(Bloomberg) — The death of conservative icon and Supreme Court Justice Antonin Scalia may have united Republicans in the goal of preventing President Barack Obama from picking his successor.
But within hours, the party's presidential candidates began using the battle to tear each other apart ahead of the Feb. 20 South Carolina primary.
On Monday, Texas Sen. Ted Cruz released a TV ad called "Supreme Trust" attacking Republican front-runner Donald Trump as untrustworthy when it comes to picking justices.
"Life. Marriage. Religious liberty. The Second Amendment. We're just one Supreme Court justice away from losing them all," a narrator says to ominous music and shots of the Supreme Court building.
It then flips to a now-infamous Trump interview from 1999 in which he says he's "very pro-choice" and wouldn't outlaw late-term abortion.
"We cannot trust Donald Trump with these serious decisions," the narrator says.
Trump, for his part, is using the issue to attack Cruz for supporting the 2005 nomination of John Roberts in his capacity as an official in President George W. Bush's administration. After becoming U.S. chief justice, Roberts disappointed conservatives by voting to uphold Obamacare in 2012 and 2015 against lawsuits designed to cripple the law.
"Ted Cruz told your brother that he wanted John Roberts to be on the United States Supreme Court," Trump said in a Saturday debate exchange with Jeb Bush, the brother of the former president. "They both pushed him, he twice approved Obamacare."

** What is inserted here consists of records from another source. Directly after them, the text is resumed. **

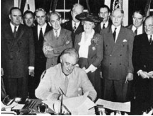
President Franklin D. Roosevelt signs the "GI Bill of Rights" into law, June 22, 1944.

The second benefit provided veterans with federally guaranteed home, farm and business loans with no down payment. This feature was designed to generate jobs in the housing industry while providing housing and assistance for veterans and their families. Veterans could apply for loans up to $2,000, with 50 percent guaranteed by the government.
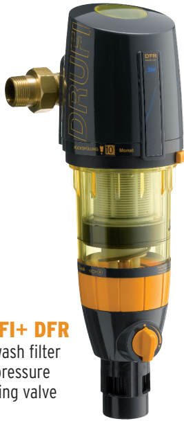
DRUFI+ DFR Backwash filter with pressure reducing valve

Award-winning design and clever features. This is the DRUFI system: reliable and safe water pressure. Clean water without dirt particles. Reduced water consumption with individual water-saving pressure setting. Easy to install and ideal maintenance comfort.
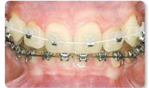
Perfect aesthetics with Titanol® Cosmetic archwires

The precisely rounded slot edges of the QuickKlear® and Quick>>>2.0® brackets even allow the use of tooth-shade coated archwires. To date, these archwires were not recommended for metal and ceramic slots due to their sensitive surfaces. To achieve perfect aesthetics in the maxilla we recommend the use and regular replacement of tooth-shade coated Titanol® Cosmetic archwires - they should not be bent as this may damage their coating. BioStarter® and BioTorque® archwires, recommended for extended intervals or compensatory bending, provide for minimal forces, reduced friction and perfect force transmission.
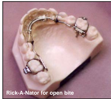
Rick-A-Nator for open bite

This is our standard Rick-A-Nator made with an inclined plane to guide the mandible forward. Johns Dental will need upper and lower models and an advanced bite for an incline.
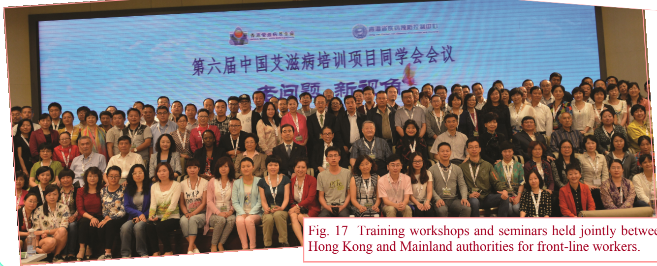
Fig. 17 Training workshops and seminars held jointly between Hong Kong and Mainland authorities for front-line workers.
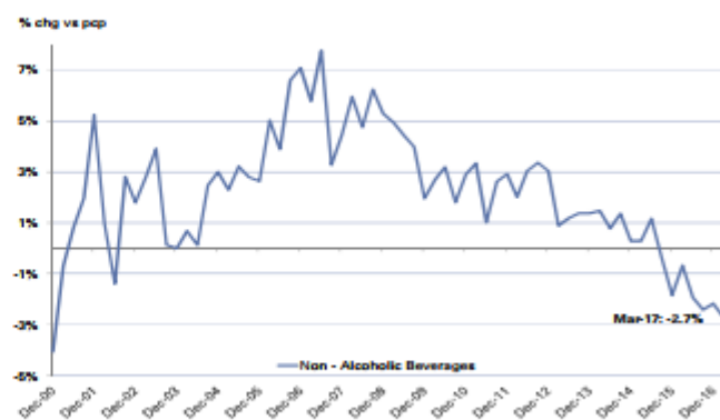
Non-Alcoholic Beverages CPI: %chg vs pcp
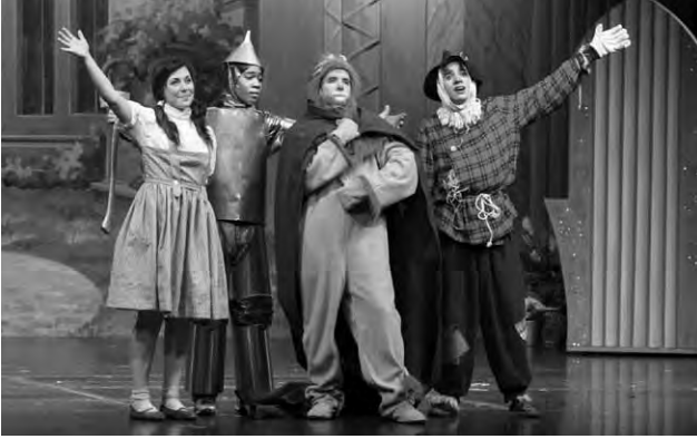
Forest Hills Central's production of The Wizard of Oz
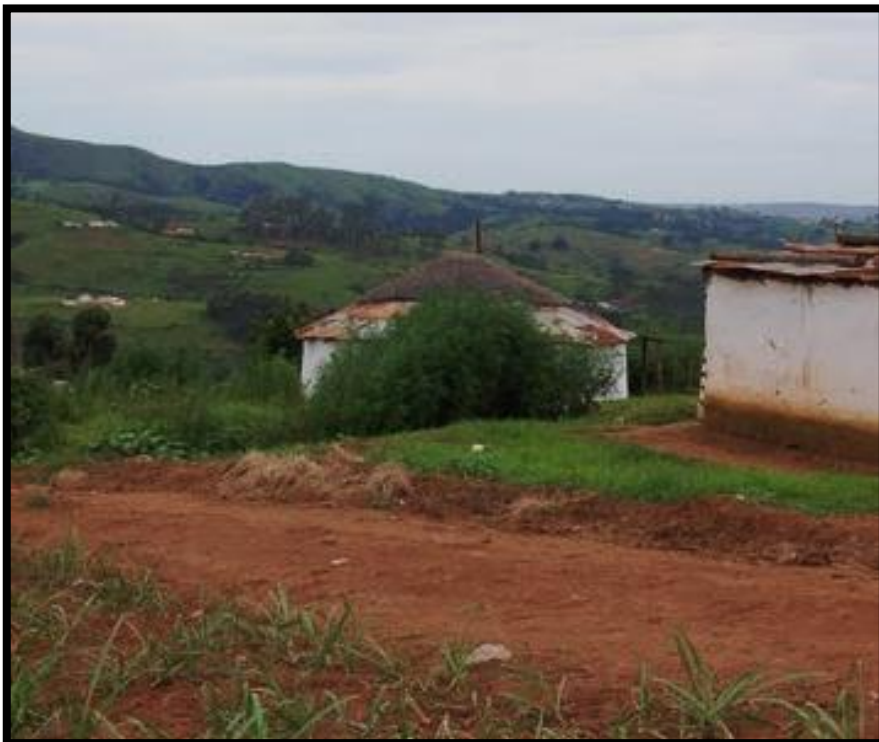
Figure 4. Most of the proposed pipelines will follow the existing road network of the project area. These often occur in the close proximity of rural settlements that may harbour “invisible graves” within the homestead.
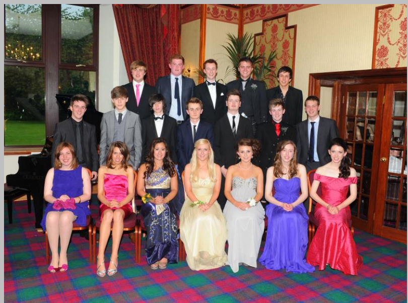
S6 at their farewell Prom
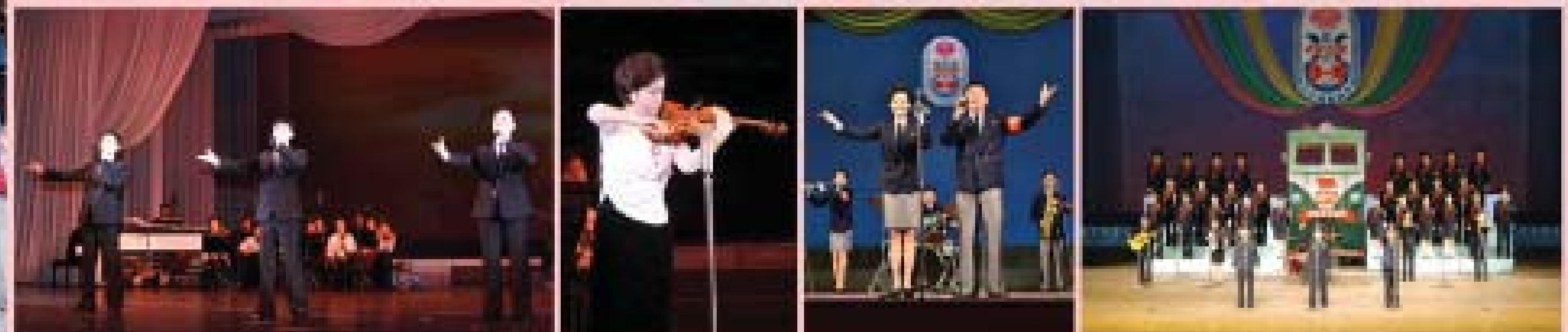
The people's art festival highly praises the undying exploits of the peerlessly great persons of Mt Paektu and fully demonstrates the Juche-oriented art which develops in a comprehensive way.
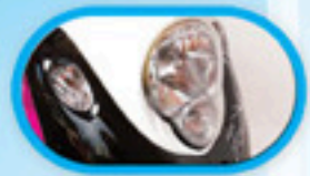
Retro Head lights
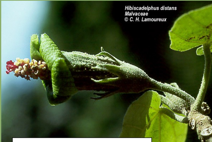
Hibiscadelphus distans Malvaceae
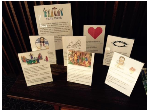
Holy Week – pictures and descriptions of the days to put in order.
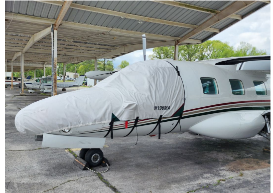
Mitsubishi MU-2B-60 Cockpit/Nose Cover
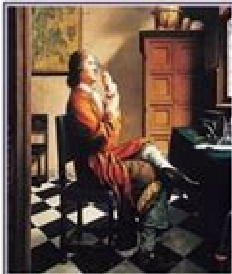
(a) Van Leeuwenhoek using his microscope
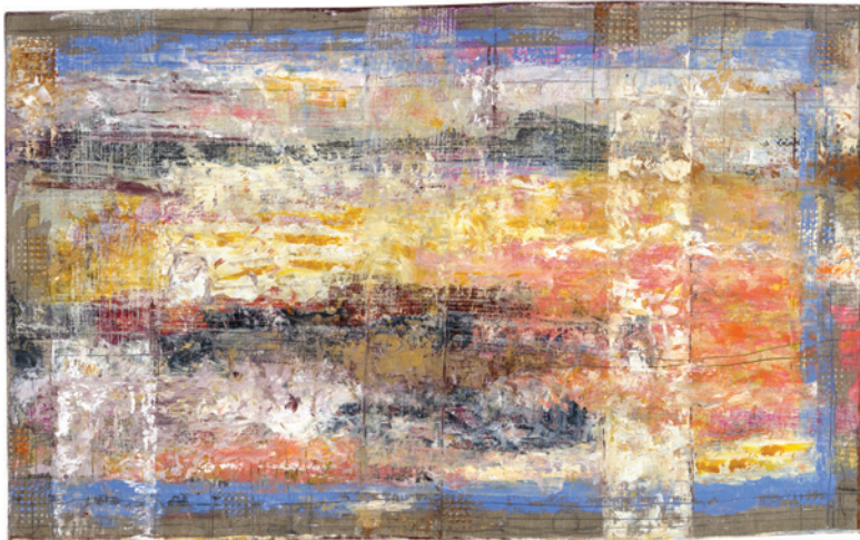
◀ Waves , 68 x 110 cm, 2016 (oil on linen, wood).

Does the artist sustain this event born of canvas, this emblem that an embroidery needle has perforated to leave its mark, a metaphor that multiplies its meanings? "The art of oil painting— / Daubs fixed on canvas—is a paltry thing/
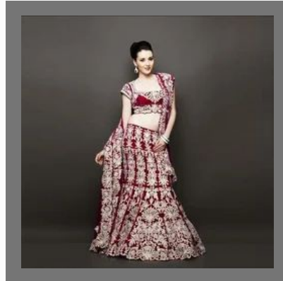
Designer Bridal Lehenga
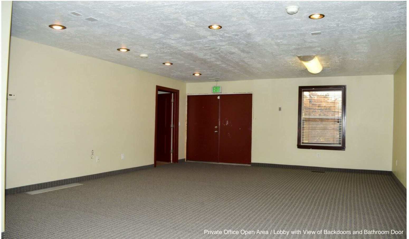
Private Office Open Area / Lobby with View of Backdoors and Bathroom Door
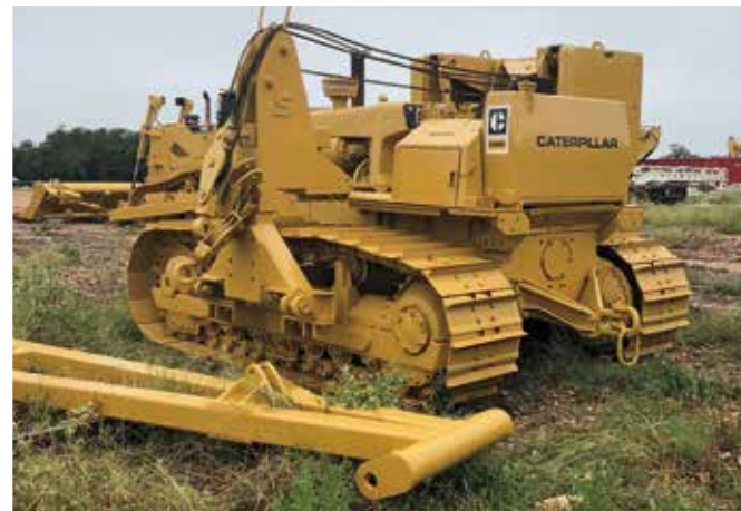
Caterpillar D6D LGP
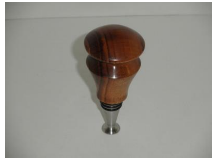
Jatoba Bottle Stopper
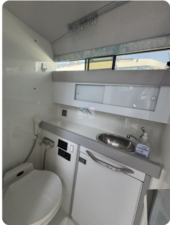
Formula BALU 48
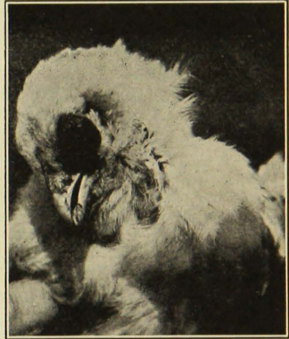
FIG. 3. YOUNG BIRD AFFECTED WITH ROUP The eye is glued shut and covered with a large scab.

Some birds with runny eyes may be helped by bathing the eyes frequently with a mild boric acid solution. Better
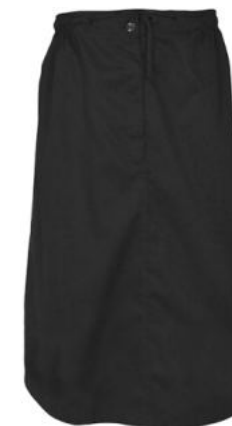
AT064B - LADIES COMFORTABLE SKIRT - - from R190.00
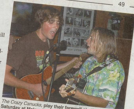
The Crazy Canucks, play their farewell gig this Easter Saturday at Malones in Surfdale.

They hope to return to Waiheke in the future. This Saturday they are playing from 8.30pm to midnight. Entry is free. •
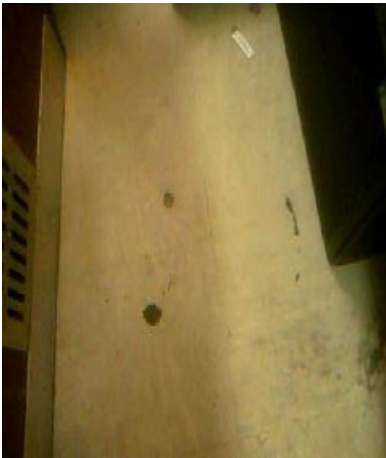
Item 2 – BB003031

The ceiling panels to the children and adult kitchen store do not contain asbestos
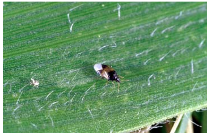
Minute pirate bug on a corn leaf

Soybean plants may be looking yellow and puny, but the soybean aphid doesn't seem to mind. Research fields in northern Indiana, along U.S. 30, have had a dramatic increase in aphid numbers over the past week. In these fields, 100% of the plants sampled had on average 14-30 aphids/plant. Winged aphids were present, indicating that they are moving to other locations. This
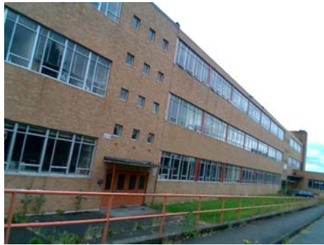
N Falling Hazard
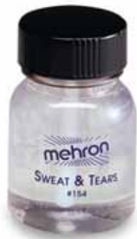
A0154 Sweat & Tears 1 oz. A0154-4 Sweat & Tears 4.5 oz. When the mood's not there, sweat & tears will emote for you.
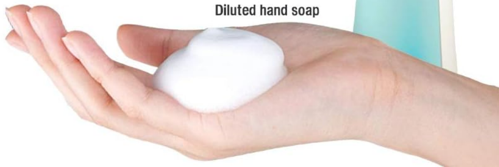
Image: Visual guide on supporting various hand soaps, including direct foaming soap and diluted gel/liquid soap.
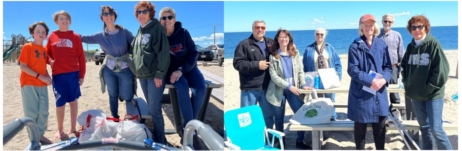
2023 Beach Clean-up Crew

Come and join us for a day of sunshine and fun as we clean up the beach!
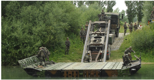
Fastest operational deployment for given length & retrieving Proven launching system
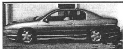
96 Monte Carlo, Ground Effects Only $299 down*

NO CREDIT NEEDED! BAD CREDIT OK! NO TURNDOWNS! NO GIMMICKS!
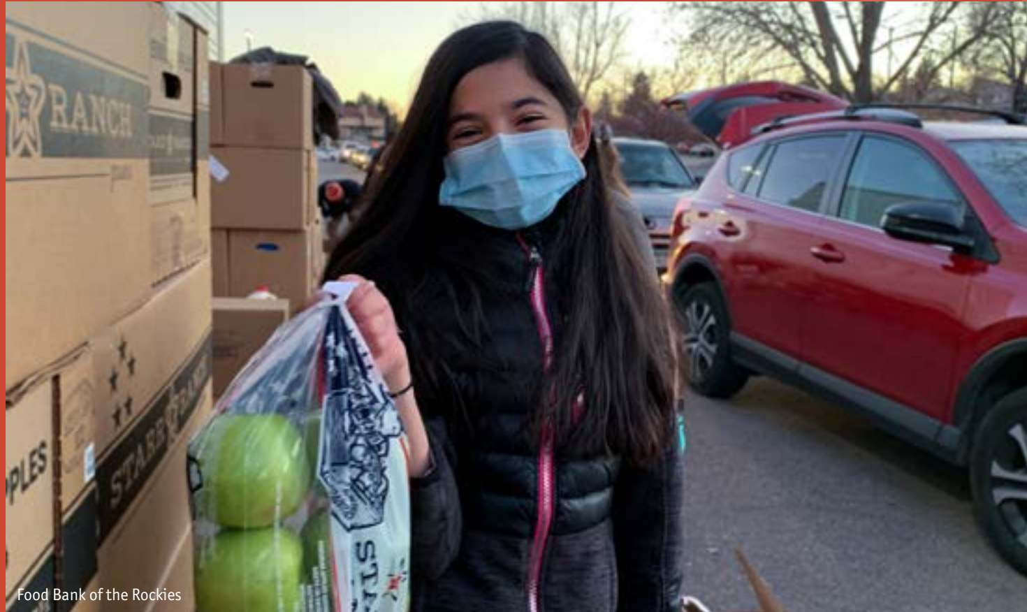
Food Bank of the Rockies

ACF established a disaster philanthropy in 2005 to provide a vehicle for donors to support local, national, and international disasters. ACF's disaster philanthropy efforts in response to either environmental, economic, or social crises not only address the immediate relief and short-term recovery of disaster victims and impacted communities, but also pays attention to long-term needs such as planning, preparedness, and mitigation.
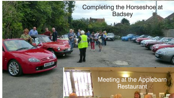
Completing the Horseshoe at Badsey
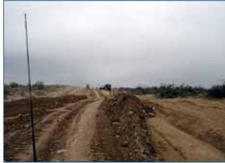
20. 100 trucks are involved building the new SH1 on Baja. When completed the trip to US will be four hours shorter. Insurgents
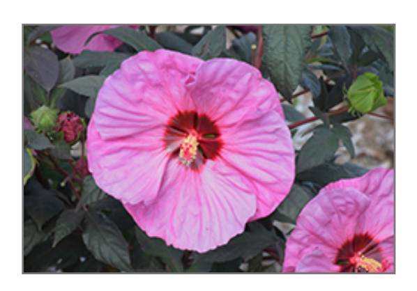
Summerific Berry Awesome Hibiscus flowers

Cruz responded, "I did not nominate John Roberts. I would not have nominated John Roberts." (The Texan has criticized Roberts for his 2015 vote on the Patient Protection and Affordable Care Act (PPACA).)
Trump went after his rivals again Sunday, writing on Twitter: "Ted Cruz, along with Jeb Bush, pushed Justice John Roberts onto the Supreme Court. Roberts could have killed ObamaCare twice, but didn't!"
Trump is also under renewed fire from conservatives for telling Bloomberg Politics last year that his sister would be a "phenomenal" justice. Maryanne Trump Barry, a judge on the 3rd U.S. Circuit Court of Appeals, has drawn heavy criticism on the right for a past decision that protected legal late-term abortion.